A p near 0.05 or below is the loose convention for “probably real.” Don’t over-claim with small samples — 17 games is not a lot of data.

Lions example

Bootstrap a 95% confidence interval for Lions points-per-game in 2024:

import numpy as np
import pandas as pd
from scipy import stats
from sqlalchemy import create_engine
eng = create_engine("postgresql+psycopg://onepride:lions@localhost:5432/onepride")
points = pd.read_sql(
"""
SELECT CASE WHEN home_team = 'DET' THEN home_score ELSE away_score END AS pts
FROM schedules
WHERE season = 2024 AND game_type = 'REG'
AND (home_team = 'DET' OR away_team = 'DET')
""",
eng,
)['pts'].to_numpy()
res = stats.bootstrap(
(points,),
statistic=np.mean,
confidence_level=0.95,
n_resamples=10_000,
random_state=42,
)
print(f"Mean PPG: {points.mean():.1f}")
print(f"95% CI: [{res.confidence_interval.low:.1f}, "
f"{res.confidence_interval.high:.1f}]")

You’ll get a confidence interval that’s noticeably wide because the sample is small. That’s the data telling you “I’m not certain.” Respect it.

Try it

Test whether Lions rushing attempts are significantly higher in wins vs losses across the 2022-2024 regular seasons. (Pool three seasons — the 2024 split alone has just 2 losses, which makes the t-test essentially undefined.) Split by result, run an independent t-test, report t and p.

Common mistakes

  • equal_var=True by default. Don’t trust it — use equal_var=False (Welch’s t-test) unless you’ve confirmed equal variances.

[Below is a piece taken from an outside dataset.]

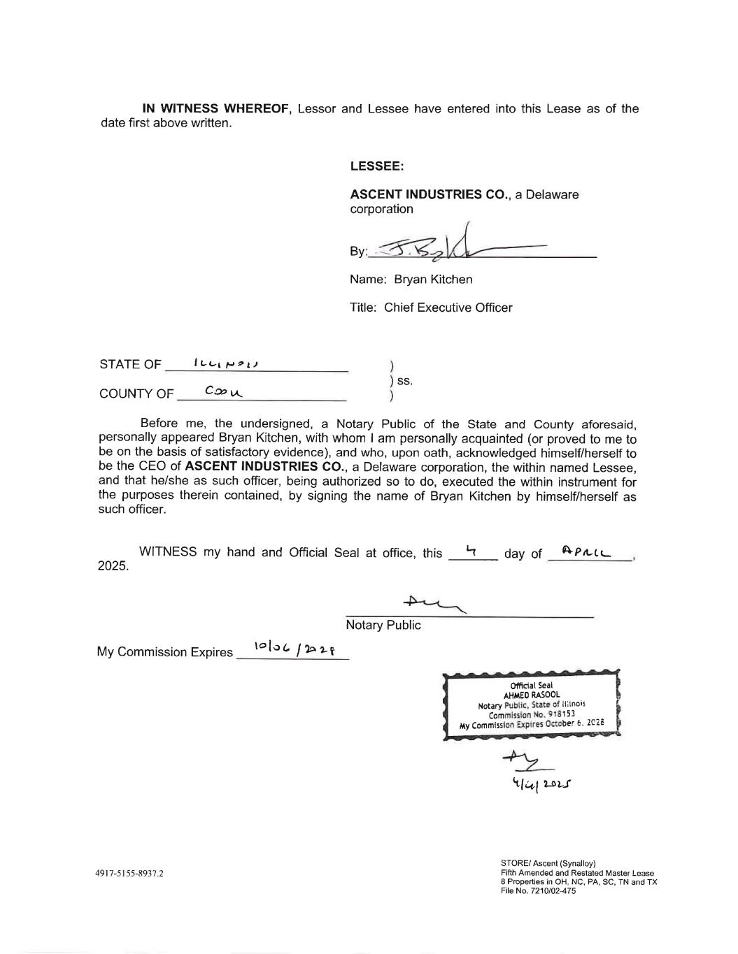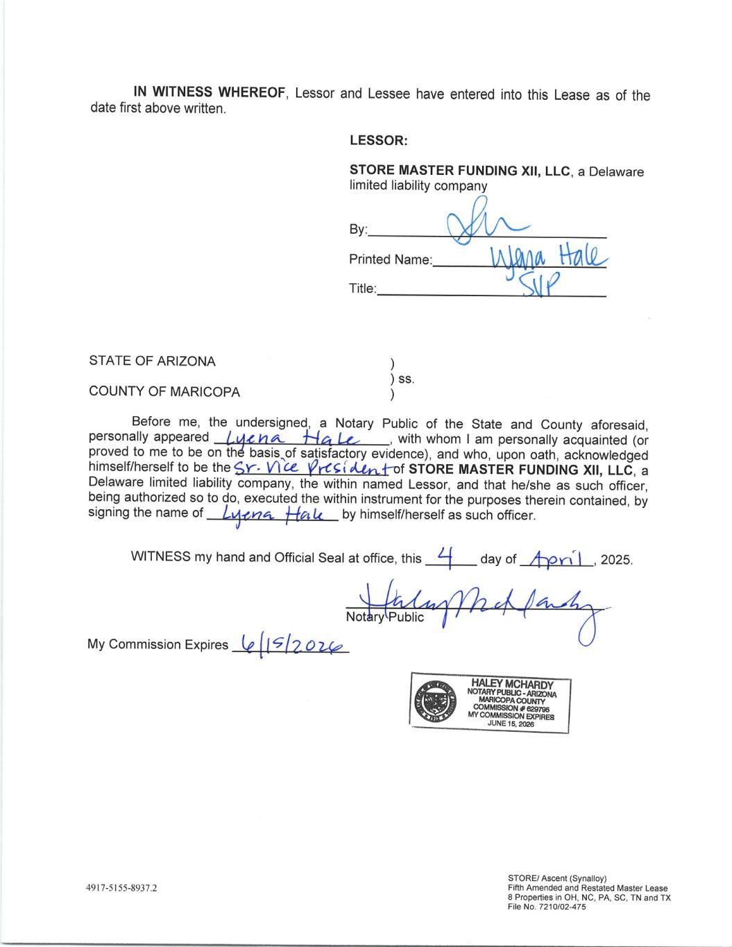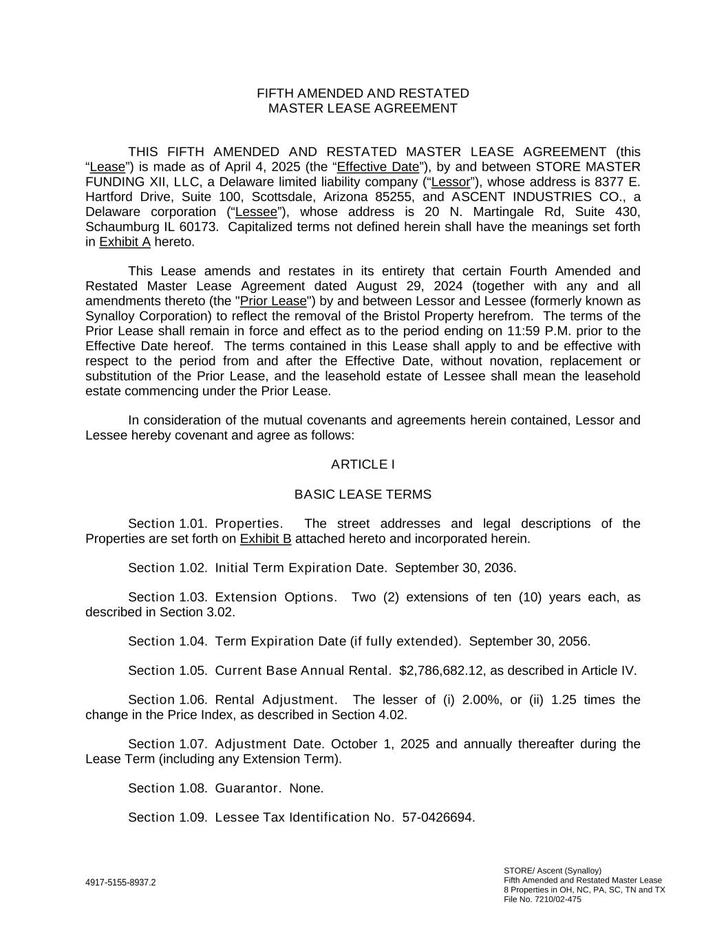 STORE/ Ascent (Synalloy) Fifth Amended and Restated Master Lease 8 Properties in OH, NC, PA, SC, TN and TX File No. 7210/02-475 4917-5155-8937.2 FIFTH AMENDED AND RESTATED MASTER LEASE AGREEMENT THIS FIFTH AMENDED AND RESTATED MASTER LEASE AGREEMENT (this “Lease”) is made as of April 4, 2025 (the “Effective Date”), by and between STORE MASTER FUNDING XII, LLC, a Delaware limited liability company (“Lessor”), whose address is 8377 E. Hartford Drive, Suite 100, Scottsdale, Arizona 85255, and ASCENT INDUSTRIES CO., a Delaware corporation (“Lessee”), whose address is 20 N. Martingale Rd, Suite 430, Schaumburg IL 60173. Capitalized terms not defined herein shall have the meanings set forth in Exhibit A hereto. This Lease amends and restates in its entirety that certain Fourth Amended and Restated Master Lease Agreement dated August 29, 2024 (together with any and all amendments thereto (the "Prior Lease") by and between Lessor and Lessee (formerly known as Synalloy Corporation) to reflect the removal of the Bristol Property herefrom. The terms of the Prior Lease shall remain in force and effect as to the period ending on 11:59 P.M. prior to the Effective Date hereof. The terms contained in this Lease shall apply to and be effective with respect to the period from and after the Effective Date, without novation, replacement or substitution of the Prior Lease, and the leasehold estate of Lessee shall mean the leasehold estate commencing under the Prior Lease. In consideration of the mutual covenants and agreements herein contained, Lessor and Lessee hereby covenant and agree as follows: ARTICLE I BASIC LEASE TERMS Section 1.01. Properties. The street addresses and legal descriptions of the Properties are set forth on Exhibit B attached hereto and incorporated herein. Section 1.02. Initial Term Expiration Date. September 30, 2036. Section 1.03. Extension Options. Two (2) extensions of ten (10) years each, as described in Section 3.02. Section 1.04. Term Expiration Date (if fully extended). September 30, 2056. Section 1.05. Current Base Annual Rental. $2,786,682.12, as described in Article IV. Section 1.06. Rental Adjustment. The lesser of (i) 2.00%, or (ii) 1.25 times the change in the Price Index, as described in Section 4.02. Section 1.07. Adjustment Date. October 1, 2025 and annually thereafter during the Lease Term (including any Extension Term). Section 1.08. Guarantor. None. Section 1.09. Lessee Tax Identification No. 57-0426694.

It’s the safer default.
  • Treating p < 0.05 as gospel. With 17 games per season, you’re often underpowered. Report the effect size and the interval, not just the p-value.
  • Pearson on non-linear data. pearsonr measures linear correlation. For rank-order relationships, spearmanr.
  • bootstrap without random_state. Pin the seed for reproducible results. Otherwise your “95% CI” jiggles every time you run the notebook.

Quick check

  1. Which scipy test answers “are these two groups’ means different?”
  2. Why use Welch’s t-test (equal_var=False) as the default?
  3. What does n_resamples=10_000 control in stats.bootstrap?